DATA SECTION:
== Segment start ==
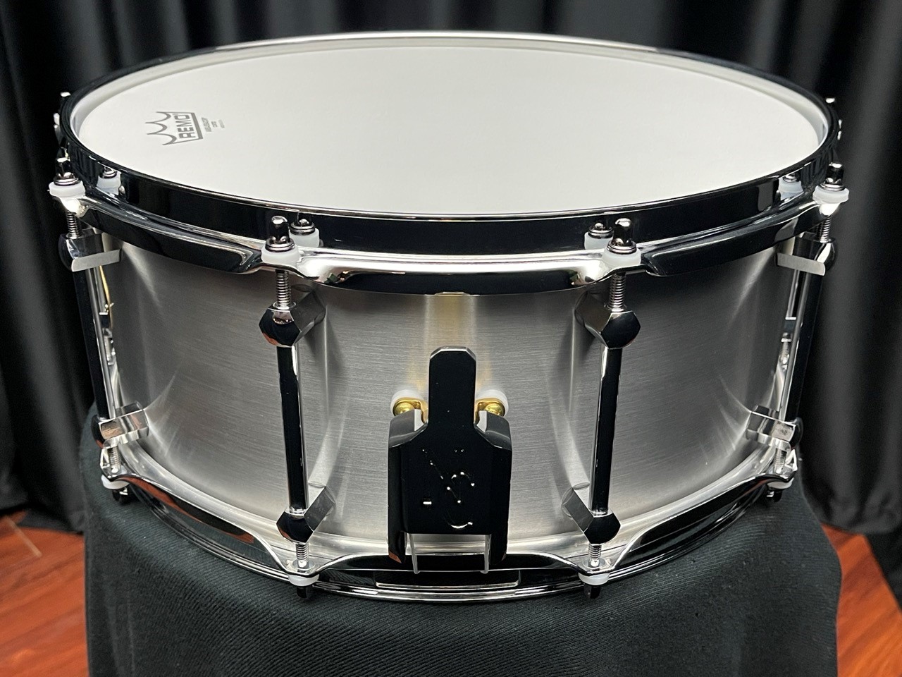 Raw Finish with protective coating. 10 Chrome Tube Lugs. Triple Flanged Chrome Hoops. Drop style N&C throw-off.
== Segment end ==
== Segment start ==
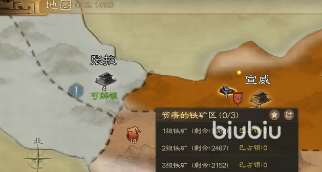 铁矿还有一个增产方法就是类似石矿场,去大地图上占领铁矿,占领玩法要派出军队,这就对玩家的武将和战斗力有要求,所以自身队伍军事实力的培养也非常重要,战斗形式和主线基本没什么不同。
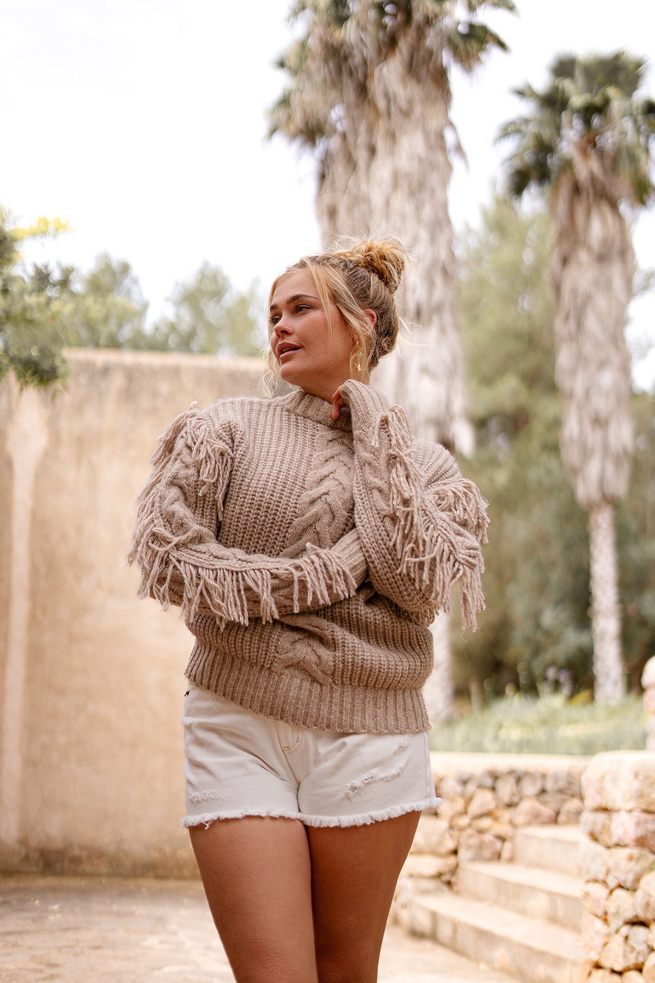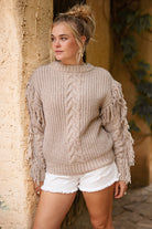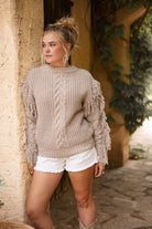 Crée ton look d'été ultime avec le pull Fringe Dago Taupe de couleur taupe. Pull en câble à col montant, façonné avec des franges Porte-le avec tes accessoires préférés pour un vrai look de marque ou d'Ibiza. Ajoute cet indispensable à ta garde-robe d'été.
== Segment end ==
TASK TO COMPLETE: Starting at the line containing "铁矿还有一个增产方法就是类似" and stopping at the line containing "Crée ton look", output every line above exactly, both ends included, with pictures omitted.

SOLUTION TO THE EXERCISE:
 铁矿还有一个增产方法就是类似石矿场,去大地图上占领铁矿,占领玩法要派出军队,这就对玩家的武将和战斗力有要求,所以自身队伍军事实力的培养也非常重要,战斗形式和主线基本没什么不同。
 Crée ton look d'été ultime avec le pull Fringe Dago Taupe de couleur taupe. Pull en câble à col montant, façonné avec des franges Porte-le avec tes accessoires préférés pour un vrai look de marque ou d'Ibiza. Ajoute cet indispensable à ta garde-robe d'été.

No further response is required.